That’s why I don’t even want a self-drive car…it takes fun away.

Hugh Crawford
Hugh Crawford
1 month ago

“ presentation by a muscle-themed Christian group”

What?

Hunky Jesus in middle school? Context tells me there were flashing lights involved, but still not much of a clue.

Defenestrator
Defenestrator
1 month ago
Reply to  Hugh Crawford
CSRoad
CSRoad
1 month ago

So I’m wondering does it respond similarly to an infrared flashing light source and is anybody making an add on card for that weird flipper dolphin toy yet?

Joe The Drummer
Joe The Drummer
1 month ago

I don’t give one 10th of a damn about what flashing police lights do to self-driving cars.

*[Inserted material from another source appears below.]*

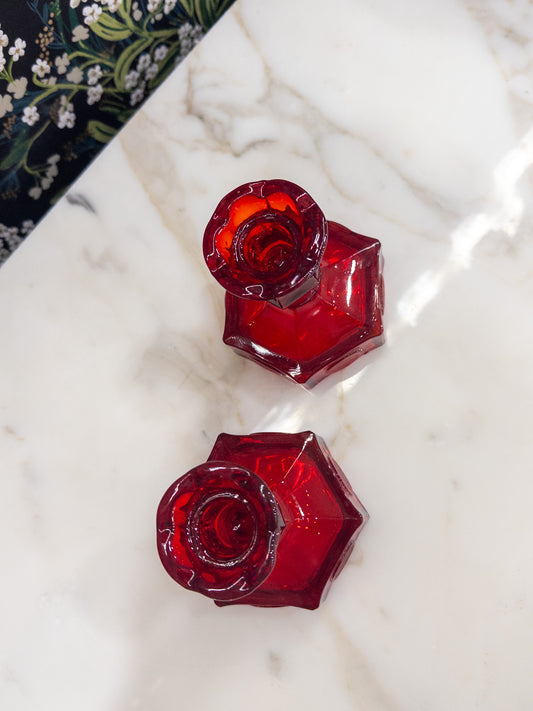 Set of 2, Vintage Fostoria Coin Candlestick Holders

I care about how every police car parked on the side of the road after dark is now a pulsating disco rave lightshow that forces me to look away and NOT KEEP MY EYES STRAIGHT AHEAD, because that is what the situation requires in the name of safety, so that I don’t become night-blind and crash into the cop car in question, or anyone else.

And I don’t even have chronic migraines and a seizure disorder like my wife, who cannot tolerate flashing or strobing lights, not even those nowhere near as bright as this bullshit: https://media.tenor.com/IRo577hv8hEAAAAM/police-car.gif

Cop car lights have been out of hand for decades now, and pose a very real and present danger to HUMAN DRIVERS, while keeping neither police nor civilians any safer than the good old-fashioned “gumball machines” on the police cruisers of my youth. Let’s change that for the sake of not blinding actual PEOPLE who drive cars – self-drivers can reap the benefit as a knock-on effect, but it is human drivers who need this to change, not self-driving cars.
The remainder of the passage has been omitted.